The following text is taken from the National Register of Historic Places Registration Form to describe this structure's history:
An approximately 28' wide space between two adjoining buildings, construction of the 75' long Chautauqua Walk followed publication of the following statement in the 'Ashland Semi-Weekly Tidings', "The lot on Main Street next to the Pioneer Store has been purchased by the Chautauqua Association and is being cleared and made into a suitable entrance to the temple." The foundation of the Chautauqua Temple provided the basis for the first Elizabethan Theater of the Oregon Shakespeare Festival and today the well-landscaped Chautauqua Walk leads to the OSFA's "Bowmer Theater" and the brick courtyard on Pioneer Street. Embedded bronze letter spell out "Chautauqua Park" at the East Main street entry. The Chautauqua Walk was elevated as a contributing element in the Ashland Plaza area, considered eligible by the Oregon SHPO. It retains high integrity to its original design and has significant associations with the development of the Chautauqua festival in Ashland.
What the NRHP registration form doesn't mention is the history behind the former Chautauqua Temple. Before the current Shakespeare festival existed on this property, there was the Chautauqua organization which included a dome-like building that held regular meetings promoting self-improvement and other educational seminars in the late 1800s and early 1900s. I've located two online resources that highlight this movement. The first article reads:
What did Ashland inhabitants do before movies, the internet or the Shakespeare festival dropped anchor? How did the early inhabitants of our town spend their Friday nights and weekends? One major source of entertainment was in the intellectual fulfillment of the local Chautauqua group.
The Ashland Chautauqua organization emerged as an offshoot of the original New York group. The name comes from the location of the first meeting, Lake Chautauqua, where Methodist minister John Heyl Vincent organized an event to train Sunday School teachers. By 1885, the idea had spread throughout the country, and in 1893 Ashland had its first Assembly of the far less religious program which existed at that time.
Throughout the next several decades, the ten day events, which prioritized self-improvement and education, thrived. Residents from the area flocked to the beehive-shaped Chautauqua building to hear speakers from orator William Jennings Bryan (who visited in 1897) to the common attorney present their views on the issues which captivated the region at the time, promote moral lives or simply play America’s Pastime. As the Chautauqua events grew, the attendance grew to the point where the thousand the building sat was insufficient, and some speakers had to move outside.

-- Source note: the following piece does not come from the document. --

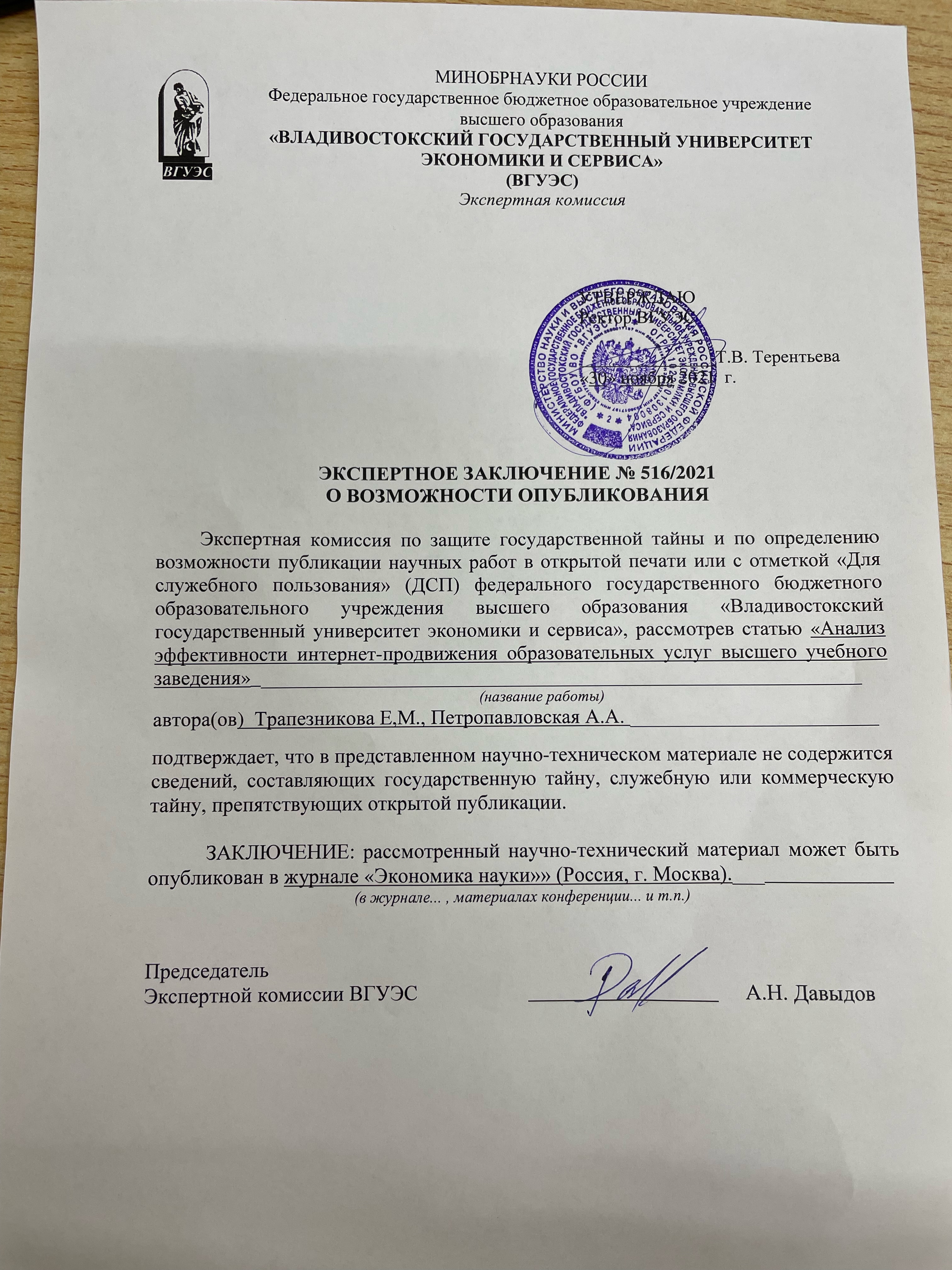 Анализ эффективности интернет-продвижения образовательных услуг высшего учебного заведения

Just when it appeared that the event had become a permanent part of our town, societal changes began to bring it to an end. In the early 1920s, the widespread introduction of the radio and movie houses sucked the interests of residents away. Thus, by the end of the decade the movement had come to an end.
However, the academic effect that the Chautauqua groups had could not be erased without a trace. As a result, in 1935, the Oregon Shakespeare Festival, an annual event at the time, came storming into town. Reminiscent of the tremendous influence the performances of the decades before had on it’s development, the first several festivals occurred at the old Chautauqua building. Thus, although it may have a different name today, our free time is occupied by much of the same as it was for the original inhabitants of our valley.

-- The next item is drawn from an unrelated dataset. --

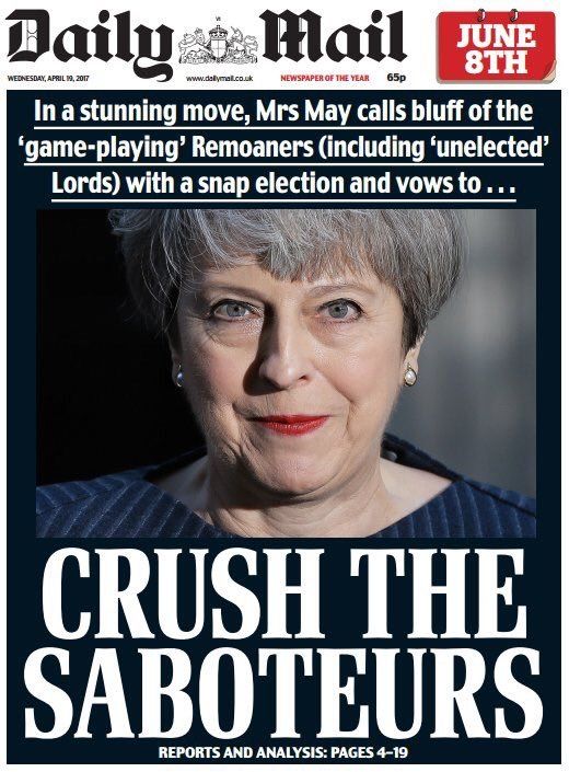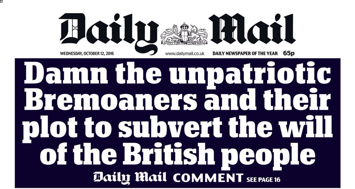 2/ The Daily Mail makes it clear who the opponents of the "Will of the People" are. They are the "enemies of the people". And with that the floodgates are opened to a tide of hate directed against opponents of #Brexit, saboteurs, plotters, mutineers etc.

The second article to highlight the Chautauqua movement reads:
Chautauqua had its roots in camp meetings, annual summer gatherings held by evangelical Christian sects during the nineteenth century. In 1874, Methodist minister John Heyl Vincent organized a special camp meeting by the shores of New York’s Lake Chautauqua to train Sunday school teachers. This first Chautauqua Assembly included lectures, classes, and recreational activities.
The Chautauqua idea quickly took hold across the country. In 1885, a small meeting was organized in Canby, Oregon, but this Chautauqua only lasted a year. Both Ashland and Gladstone organized more lasting Chautauquas in 1893. By this time the meetings had become non-denominational and partly secularized.
According to one local newspaper, the Chautauqua societies of Oregon were the “promoters of moral as well as intellectual culture.” The popular ten-day events featured concerts, group prayers, lectures by noted orators, baseball games, and classes on everything from geology to physical fitness.
Although Ashland’s original Chautauqua building—a beehive-shaped structure built in 1893—seated 1,000 people, hundreds were sometimes turned away from the more popular lectures. When William Jennings Bryan—a popular political figure known as the “silver-tongued orator”—came to Ashland in 1897, he attracted so many people that he was forced to give his lecture outside.
The Chautauqua circuit slowly faded away in the 1920s, the victim of radio and motion pictures. The once popular event did not completely disappear, however. The original meeting at Lake Chautauqua is still held annually, and many state humanities councils have recently revived the Chautauqua idea. The Oregon Shakespeare Festival, an annual event first organized in 1935, takes place at the old Ashland Chautauqua site.